I have 2 dogs from Rescue, 1 from Breeder (good one), 3 from clients. I don't think there is any one good place to get a dog. One just needs to think about their family life & where it is going & then from there make an educated decision as to what will work. I think puppy mills, byb breeders & the idiots that just let their dogs roam & get pregnant because they are too lazy, are too blame for the excess # of dogs. You have to do what is right for your family.


----------



## lilypoo (Jul 25, 2011)

I got a lot of grief from rescues because I would only consider a purebred poodle (due to allergies). I also applied to several rescues that never contacted me--and I had a very good application. I also refused to apply to a couple rescues who wanted what was imho a bit too much information. I know there's a place for rescue but there's also a place for good breeders. Without good breeders, we would eventually have no more purebred dogs!


----------



## Countryboy (May 16, 2011)

Mama2FourAZ said:


> I know there's a place for rescue but there's also a place for good breeders. Without good breeders, we would eventually have no more purebred dogs!
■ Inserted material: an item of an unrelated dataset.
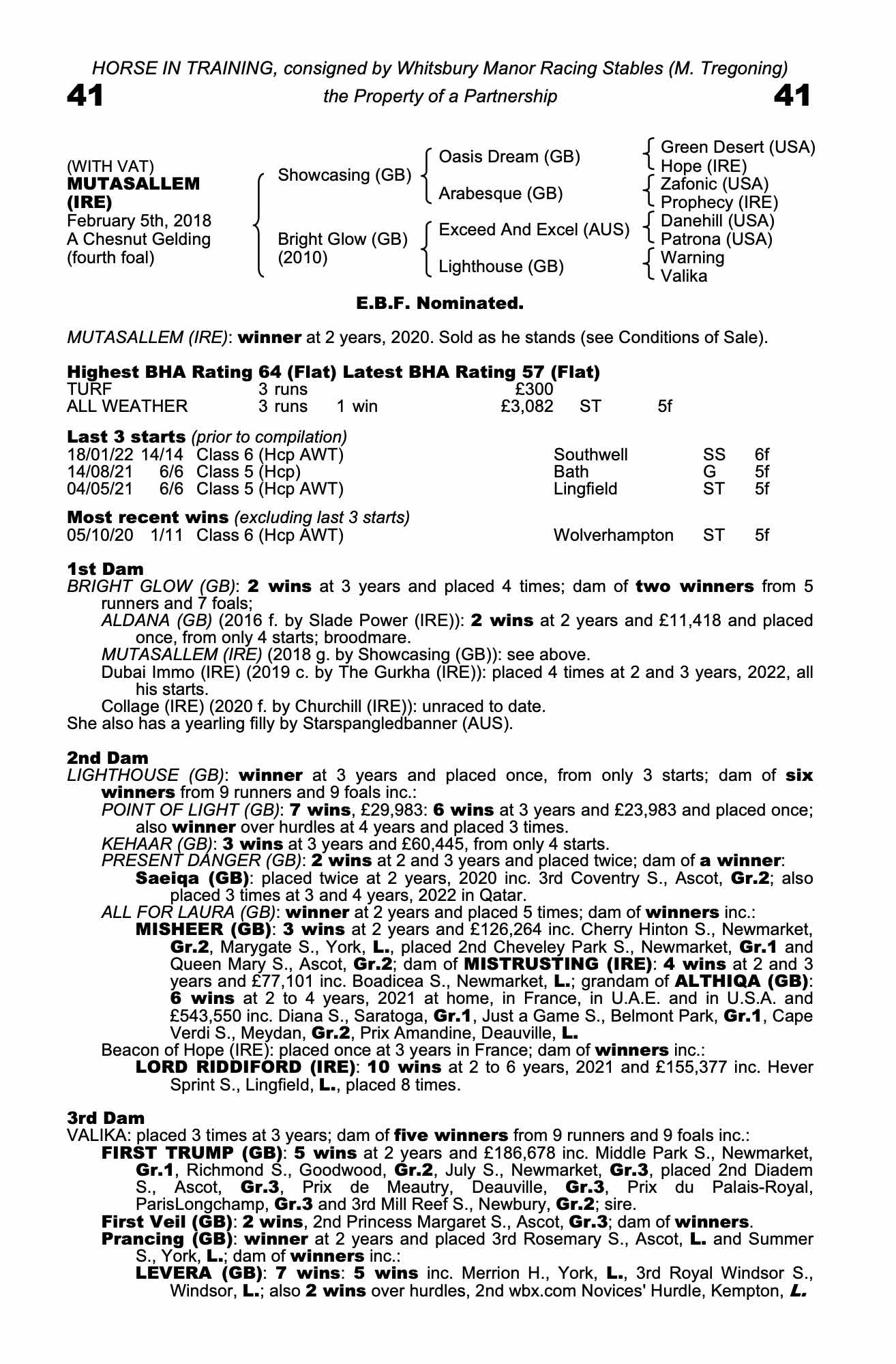 Consignor: Whitsbury Manor Racing Stables (M. Tregoning)

I'll always remember a line in one of my *all too frequent* rescue threads. It was either vtomblin or maybe even tintlet that said:

"If u breed, rescue. If u don't breed, rescue anyway."
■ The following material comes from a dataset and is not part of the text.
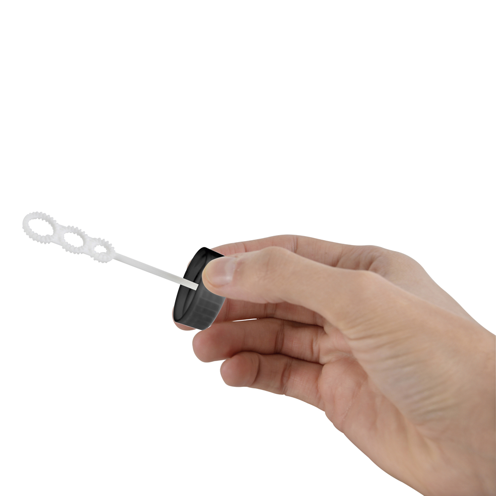 60ml white soap bubble bottle with 3-in-1 bubble wand. Available in white with black lid.

It reminds me that there's space in the dog world for all of us to get along.


----------



## neVar (Dec 25, 2009)

I come from both sides- i work extensively with rescues (fostering over 20 dogs in the last 2 years, and now am a director on a local resuce) 

I have rescues and i have purebreds- and i do breed. I couldn't find what i want in a rescue. I want health testing, i want papers (So i can show) and i want soundness that will last. as i do a lot of performance with my dogs. And i want it from a puppy. Like i said i have rescues- one of which would have been put down if i hadn't taken him (literally he was on the list or that day- our rescue stepped in- he's not a dog i thnk we could place- he's with me for life). and i have one who has cost me over 5k in vet bills. But is still going strong at 13. 

But could i find MY want list at a rescue? chances are NO. 

I listen to a LOT of breeder bashing in my rescue work. The rescue now also tries to educate what a good breeder is. when i hear breeders are what causes shelter dogs- i reply NO BAD BREEDERS are what causes shelter dogs. And then describe for me what the difference is.


----------